Ирония, имевшая место в тех удостоенных временем словах, казалось, повисла в ночном воздухе, когда он торопливо уходил от меня — худая тень за дымящимися факелами его рабов.
Сын Помпея оказался, как и говорил Сцевола, наиприятнейшим молодым человеком. Ясно было также, с момента их первой встречи, что его сердечность и искренность произвели на Корнелию глубокое впечатление. Все страхи, которые могли бы возникнуть у меня, исчезли — стоило лишь увидеть ее лицо, когда она говорила с ним; глаза, сияющие от удовольствия. Ее бледное рефлексивное спокойствие превратилось в оживление. Я никогда не подозревал, что она способна на что-то подобное.
«Такое редко встречается, — думал я, наблюдая за ними, так приятно поглощенными друг другом, — чтобы общественные обязанности и личные привязанности объединялись с таким неподдельным согласием. В браке по расчету есть, по мнению наших мудрых предков, довольно много здравого смысла. Молодые люди легко наносят друг другу раны. Зачастую они не видят, в ком заключается их настоящее счастье. Если я и пренебрегал Корнелией, Фортуна так устроила дела, что теперь я компенсировал все недоданное ей».
Клелия восприняла этот брак точно так же, как она воспринимала теперь все в наших отношениях — с настороженной и официальной вежливостью. Она готовила Корнелию к ее новой жизни со спокойным умением, не проявляя ни эмоций, ни сожаления. Словно зная мои мнимые убеждения, она пародировала покорность и компетентность матроны Старой Республики. Она вела огромный дом так, что даже Катон[92] не смог бы найти изъяна. Что бы я ни приказал, выполнялось безо всяких вопросов — Клелия никогда не противилась мне открыто. Но как муж и жена мы были фактически уже давно в разводе. Наша жизнь вошла в традиционное русло отдаленной любезности с моей стороны и достойного повиновения — с ее.
«По крайней мере, — убеждал я сам себя, — она расстанется со мной без сожалений».

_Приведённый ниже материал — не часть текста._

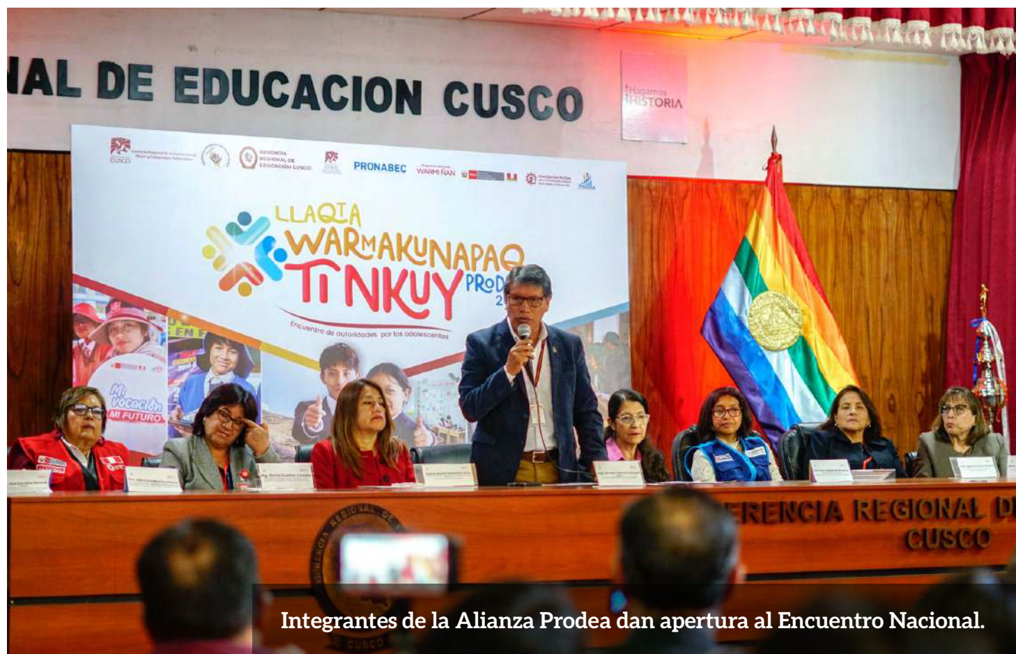
Integrantes de la Alianza Prodea dan apertura al Encuentro Nacional.
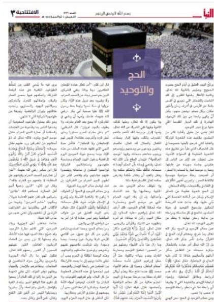
המאמר "החג' נמצאות העלייה לרגל למכה] וייחוד האל [תוהיד]" (שבועון אלנבא', סלגרם, 22 ביוני 2023)

ולג'האד, ועליהם לסייע לשנות את המצב הנוכחי, לארגן כוחות ואף להשקיע בכך מכספיהם, שכן מי שמקדים להשקיע כספים לפני לחימת הג'האד מעמדו גבוה יותר באסלאם, ולכן הוא ראוי לשכר גבוה ביותר בגן העדן. 3

Наше несходство было столь глубоко, что для нее не оставалось места — даже если бы она того и пожелала — в той новой жизни, что открывалась для меня. Я сначала опасался за те близкие и нежные отношения, которые установились у нее с Корнелией. Мне вовсе не хотелось ни уничтожать их, ни делать ее врагом моей единственной дочери. Но Корнелия была погружена в переживания и мечты первой любви; она за один короткий месяц неожиданно выросла из той поддержки, что оказывала ей Клелия и от которой она так долго зависела.

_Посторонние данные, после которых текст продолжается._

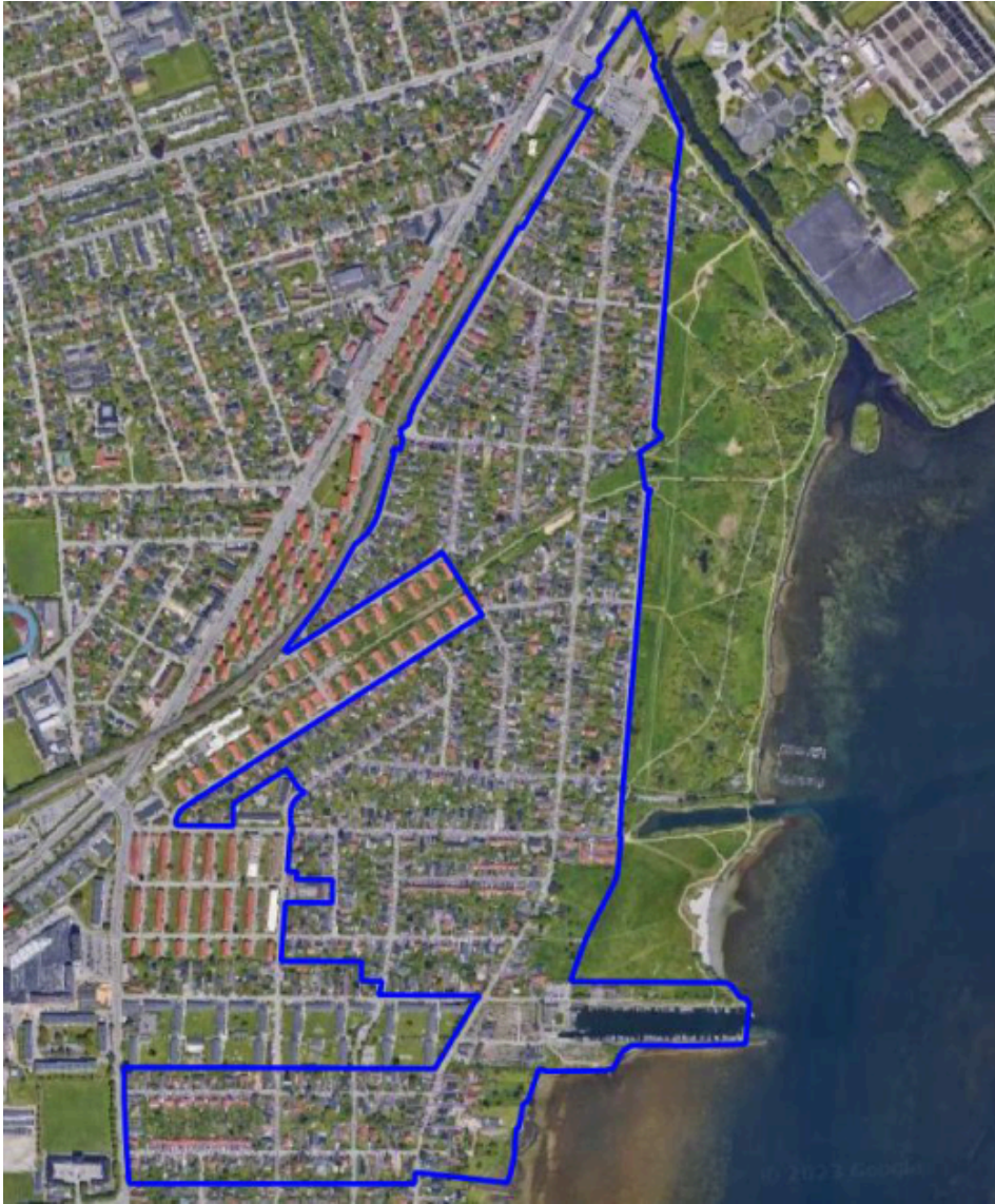
Figur 1. Forsyningsområde for fjernvarme.

Varmen til Hvidovre Fjernvarmeselskabs fjernvarmeledninger leveres af VEKS – Vestegnens Kraftvarmeselskab, som allerede har infrastruktur og varmekapacitet til den øgede varmelevering. Fjernvarmenettet tilsluttes vekslerstationen på Dansborgskolen. Der skal derfor ikke etableres anlæg til produktion af varme og heller ikke findes arealer til det i området.
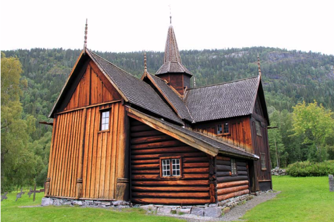
Fig. 4 - La stavkirke di Nore, nella vallata del Numedal

Nella fig. 4 sono ben visibili all'esterno le stav che reggono la parte terminale della navata centrale, dove un tempo c'era il coro, ora perso. La parete terminale della navata, costruita con il metodo stav , è fatta del legno di recupero del coro. E' anche visibile una parte della stavkirke aggiunta più tardi, la sacrestia; questa parte è stata costruita con il metodo laft , sicuramente meno elegante anche per la perdita di quello slancio che il metodo stav conferisce.
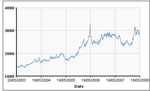
Şekil.1 Londra Metal Borsası Alüminyum Spot Fiyatı

isteklerinin nasıl değiştiğini kestirmek yönünden şirketleri zor duruma düşürmekte. Yani, talep belirsizliği daha da artmakta. 4 Son yıllarda gözlenen spot pazarlardaki fiyat değişkenliği ile beraber talep riskinin artması şirketlerin satınalma ve sipariş karşılama süreçlerini bir hayli zorlamakta. Fiyat değişimlerini görmek için aşağıdaki grafiklere bir göz atabiliriz. Şekil.1 'de birinci tür emtialardan alüminyumun Londra Metal Borsası'ndaki son 5 yıldaki fiyat değişimi ile Şekil.2 'de SD Hafıza kartlarının spot pazarındaki fiyat değişkenliği gözlenmektedir. Alüminyum fiyatlarında açık olarak yükselen bir trend olmakla beraber fiyatın oynaklığı (volatilite) artmış durumda. SD Hafıza kartlarında ise fiyat düşüşü ile birlikte volatilite yine yükselmiş görünmektedir.
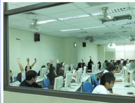
↑※同學踴躍與老師互動
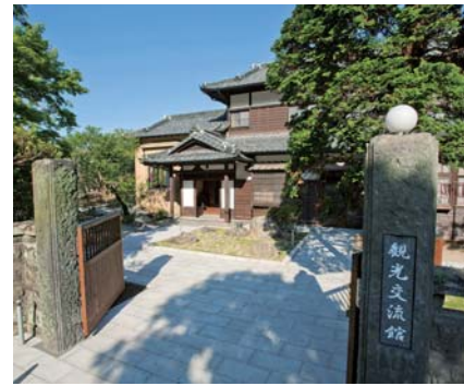
散策や休憩ができる開放的な庭園、屋外から直接利用できる多目的トイレを備える。

佐伯市城下町観光交流館 昭和11年の建築とされる「つたや旅館」の建物を保存しながら、観光客や市民が気軽に休憩できる観光情報発信拠点として平成27年に整備。ギャラリーや観光情報コーナーを設置。
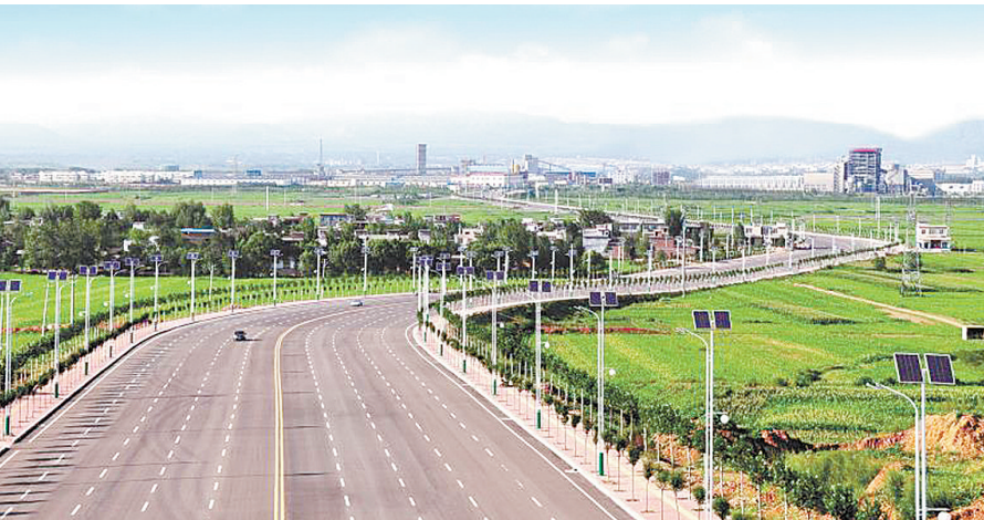
汝州市产业集聚区梁高南路
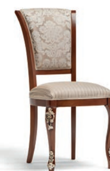
1004T Sedia / Chair L. 54 P. 59 H. 101 Venere Collection / pag. 129
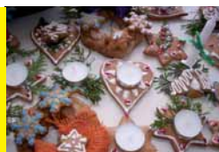
Adventní pohlázení ve škole

Когда я разводился с Клелией, сожаления, которые Корнелия высказала, были, или казались, небрежными; она, возможно, ощутила лишь потерю своей старой приятельницы, не больше.

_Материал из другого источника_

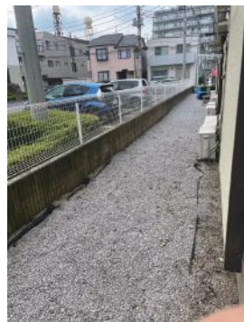
外スペース (1階のみ)

<必要書類> ・身分証明書・住民票 ・所得証明書 ・銀行印及び認め印 ※入れ墨、タトゥーのはいっている方は申し訳 ございませんがお断りさせていただきます。 ※フリーレントをご利用する場合、1年以内の解約は違約金1ヶ月分あり
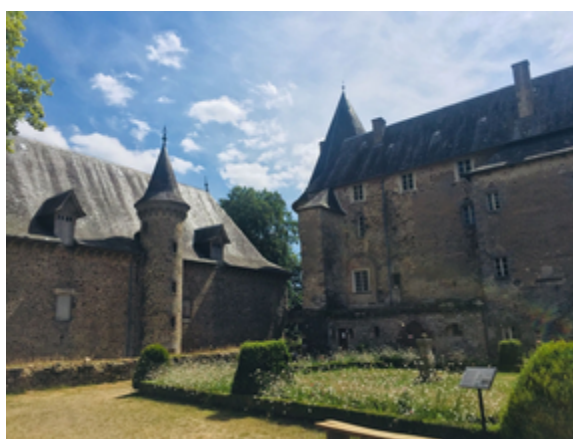
Château de Pompadour

Notre périple se terminera au pied du château médiéval de Pompadour, reconstruit au XVème siècle et remanié au XVIIIème siècle. Il fut offert, en 1745, à la favorite de Louis XV, Madame la Marquise de Pompadour qui créa le Haras de Pompadour.
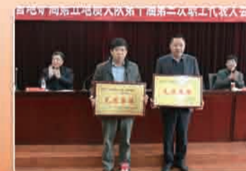
先进集体和安全先进集体登台领奖
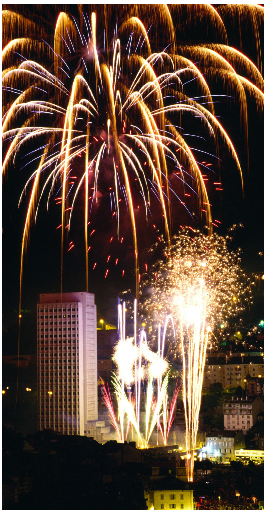
Un soir de festivités
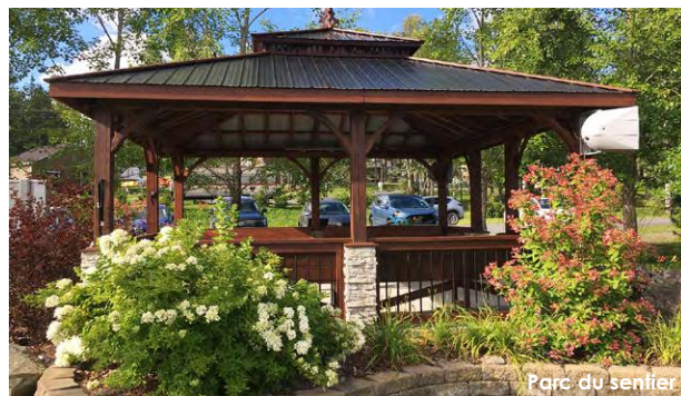
Parc du sentier
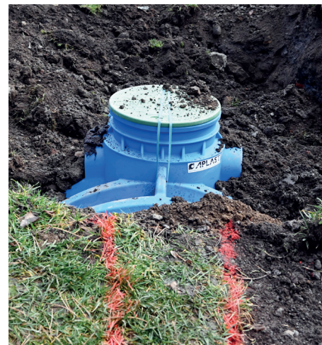
Na snímke vrchný poklop retenčnej nádrže v areáli Základnej školy s materskou školou Nižná Brána.

Projekt okrem spomínaných hlavných prvkov rátať aj so sekundárnymi riešeniami úpravy okolia dotknutých lokalít. Pribudol tak mobiliár v podobe lavičiek, odpadkových košov či stojanov na bicykle. Celé okolie spomenutých lokalít finálne upravili i množstvom zelene. Počty kusov novovysadených rastlín v rámci dažďových záhrad projekt ráta v tisícokach. Ide všetko o rastliny, ktoré vhodne zvýrazia charakter týchto miest. Miesta navrhli tak, aby aj v období sucha, ale aj v období dažďov boli plné

Молодой Помпей и Корнелия поженились спокойно, без вычурных церемоний, спустя приблизительно три месяца после моего избрания консулом, и переехали в небольшой, но приятный домик на Квиринале. Я лично выбирал этот дом и отвлекался от исполнения срочных общественных обязанностей, которые тогда занимали меня, контролируя художественное оформление и совещаясь с художником-этруском, которого сам нанял расписывать фрески. Этот дом был моим свадебным подарком, и счастье на лице моей дочери, когда она в первый раз вошла в него, было достаточной наградой за мои труды и боль. Теперь на короткое время мы с Клелией остались один на один.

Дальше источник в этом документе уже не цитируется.